◆ **Work request**
All pictures are to be omitted while the lines starting at the line with "The 'lac de" and ending at the line with "Main movements during the battle of Adwa" in the material below are retyped exactly, both ends included.

◆ **Dataset records**

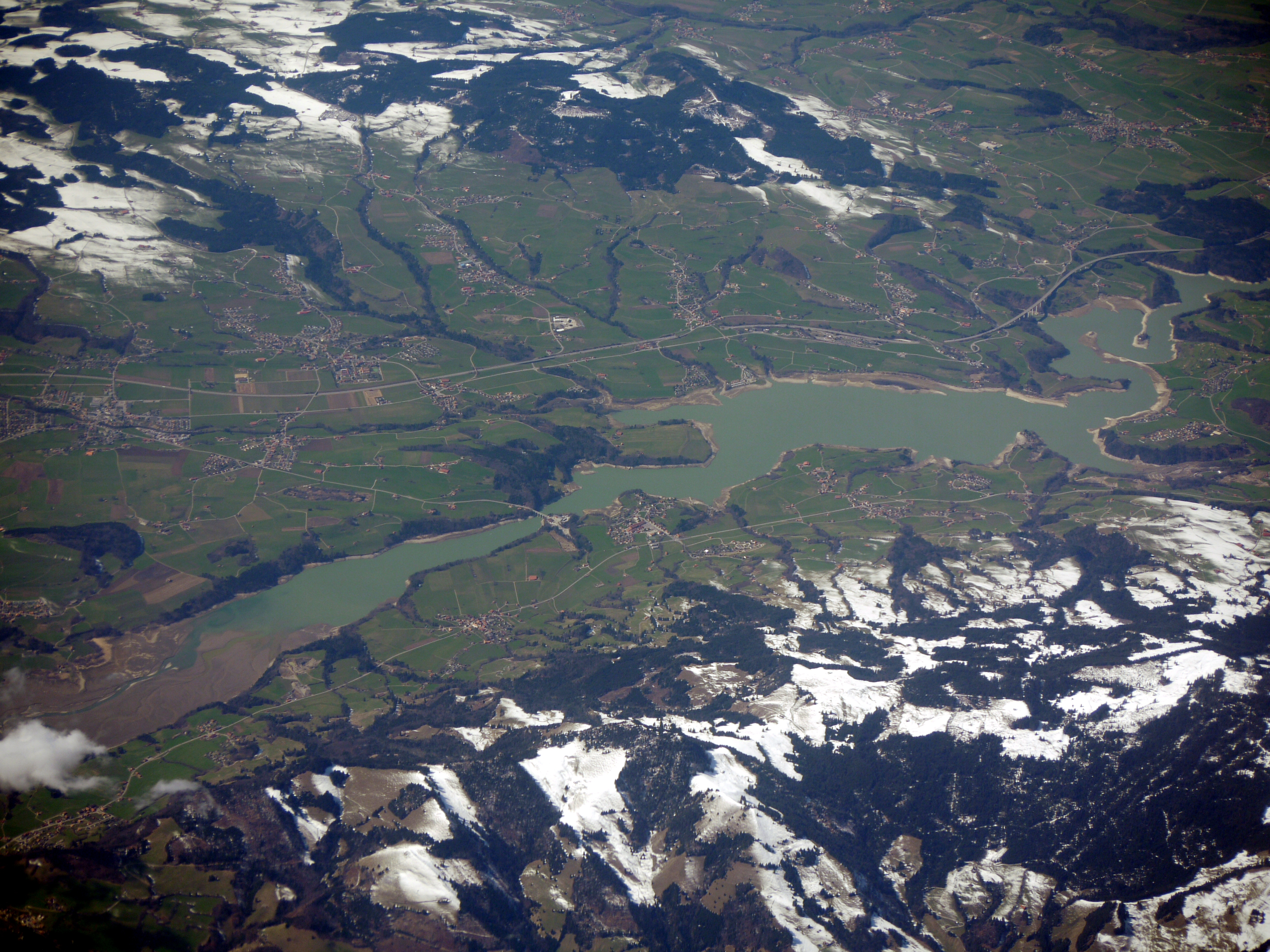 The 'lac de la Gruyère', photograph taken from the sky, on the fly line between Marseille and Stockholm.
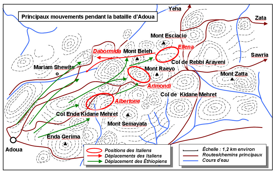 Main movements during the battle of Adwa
---
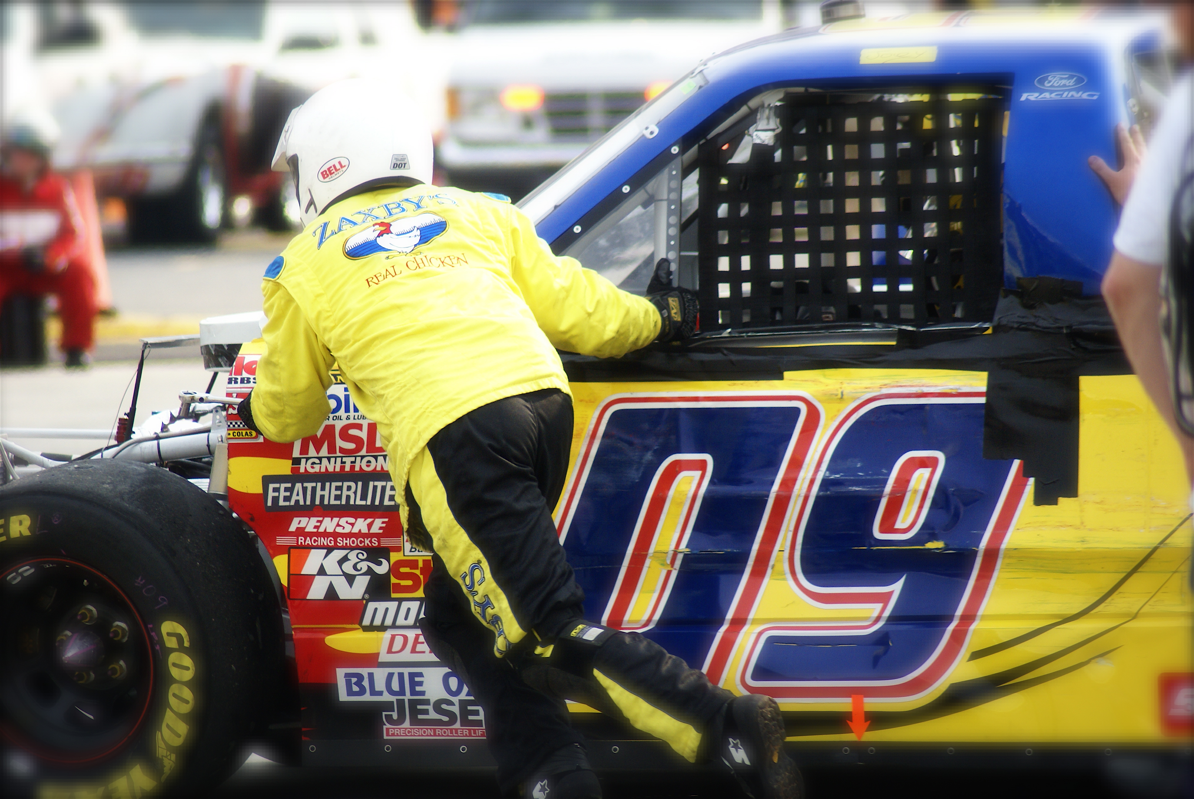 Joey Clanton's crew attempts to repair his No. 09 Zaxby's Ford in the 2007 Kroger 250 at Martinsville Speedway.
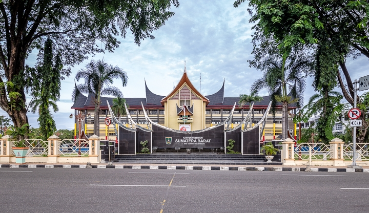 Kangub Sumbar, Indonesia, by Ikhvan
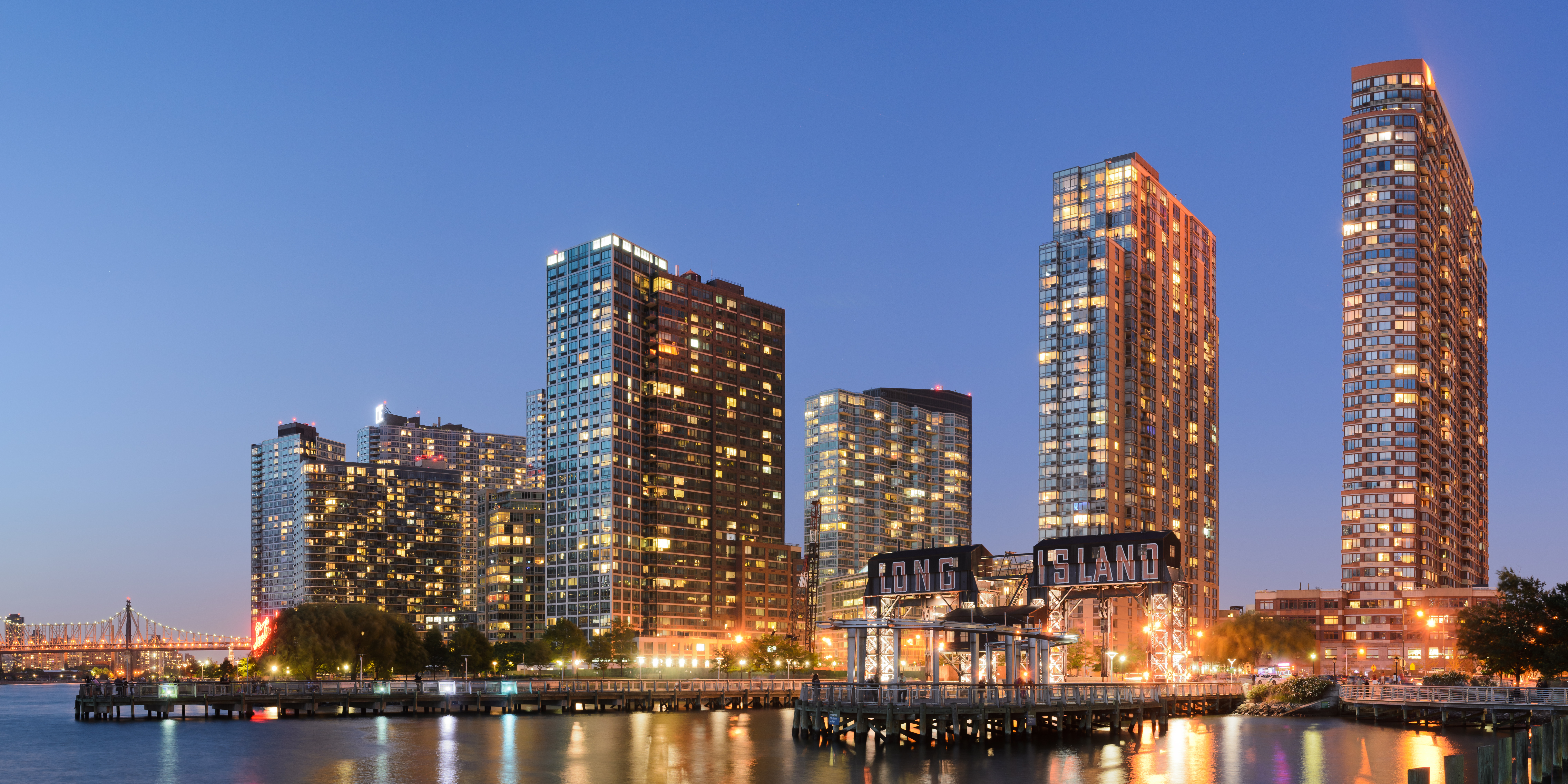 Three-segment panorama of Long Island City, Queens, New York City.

◆ **Result**
 The 'lac de la Gruyère', photograph taken from the sky, on the fly line between Marseille and Stockholm.
 Main movements during the battle of Adwa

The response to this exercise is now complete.